▼

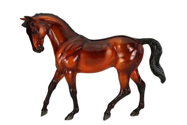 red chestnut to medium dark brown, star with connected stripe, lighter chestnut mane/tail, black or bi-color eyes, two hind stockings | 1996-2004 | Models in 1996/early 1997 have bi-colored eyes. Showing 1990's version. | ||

▲
▼

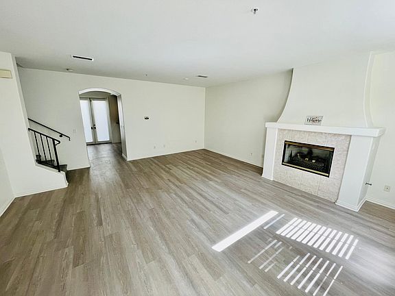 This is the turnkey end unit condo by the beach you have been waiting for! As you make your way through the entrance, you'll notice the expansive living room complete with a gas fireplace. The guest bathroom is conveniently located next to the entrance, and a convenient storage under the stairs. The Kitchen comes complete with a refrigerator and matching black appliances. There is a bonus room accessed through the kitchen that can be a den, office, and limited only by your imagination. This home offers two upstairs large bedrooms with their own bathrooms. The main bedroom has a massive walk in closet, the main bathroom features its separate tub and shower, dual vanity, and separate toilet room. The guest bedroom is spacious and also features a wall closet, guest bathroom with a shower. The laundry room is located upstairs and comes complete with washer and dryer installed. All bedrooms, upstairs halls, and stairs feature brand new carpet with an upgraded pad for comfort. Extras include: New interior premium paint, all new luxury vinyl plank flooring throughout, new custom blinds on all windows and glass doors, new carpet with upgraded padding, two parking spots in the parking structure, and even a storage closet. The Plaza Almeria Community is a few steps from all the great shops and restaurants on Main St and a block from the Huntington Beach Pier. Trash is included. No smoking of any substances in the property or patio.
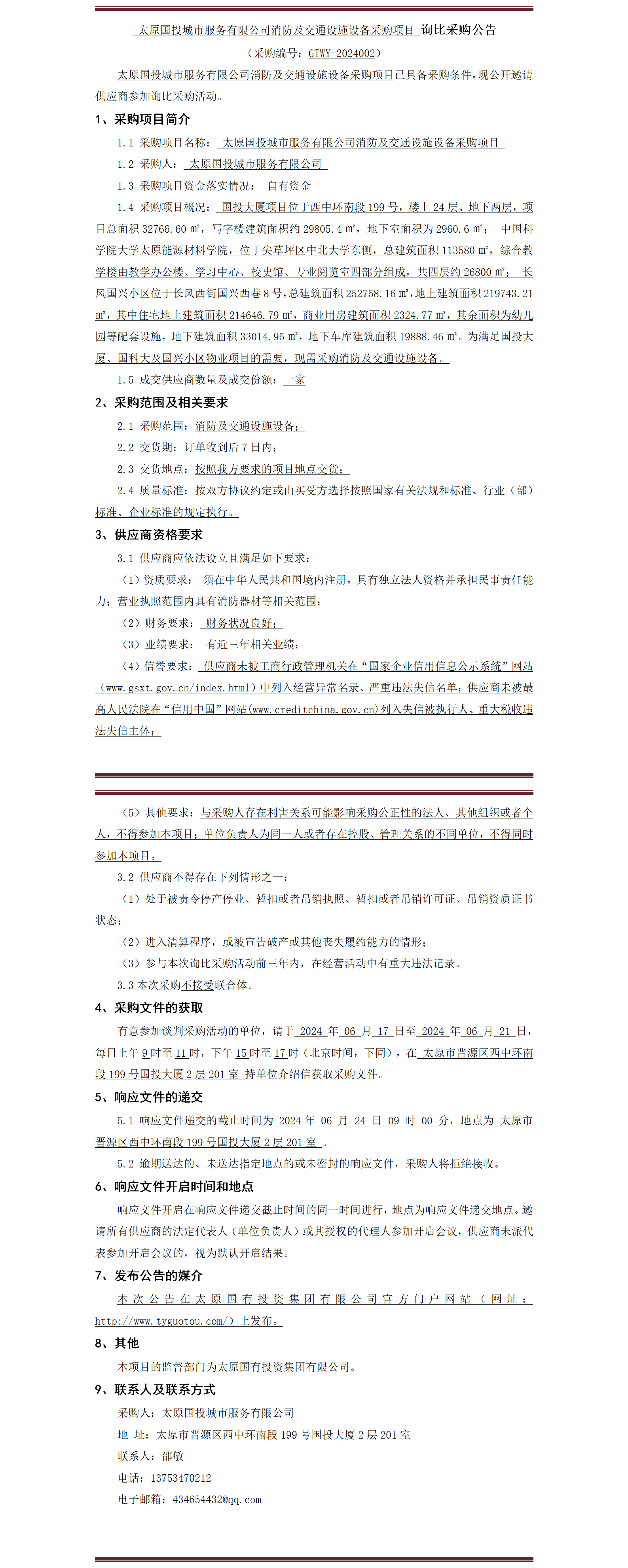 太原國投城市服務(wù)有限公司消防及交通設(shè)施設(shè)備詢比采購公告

▲

Would you write out exactly the lines above, starting at the line containing "This is the" and stopping after the line containing "太原國投城市服務(wù)有限"? Omit the pictures.

 This is the turnkey end unit condo by the beach you have been waiting for! As you make your way through the entrance, you'll notice the expansive living room complete with a gas fireplace. The guest bathroom is conveniently located next to the entrance, and a convenient storage under the stairs. The Kitchen comes complete with a refrigerator and matching black appliances. There is a bonus room accessed through the kitchen that can be a den, office, and limited only by your imagination. This home offers two upstairs large bedrooms with their own bathrooms. The main bedroom has a massive walk in closet, the main bathroom features its separate tub and shower, dual vanity, and separate toilet room. The guest bedroom is spacious and also features a wall closet, guest bathroom with a shower. The laundry room is located upstairs and comes complete with washer and dryer installed. All bedrooms, upstairs halls, and stairs feature brand new carpet with an upgraded pad for comfort. Extras include: New interior premium paint, all new luxury vinyl plank flooring throughout, new custom blinds on all windows and glass doors, new carpet with upgraded padding, two parking spots in the parking structure, and even a storage closet. The Plaza Almeria Community is a few steps from all the great shops and restaurants on Main St and a block from the Huntington Beach Pier. Trash is included. No smoking of any substances in the property or patio.
 太原國投城市服務(wù)有限公司消防及交通設(shè)施設(shè)備詢比采購公告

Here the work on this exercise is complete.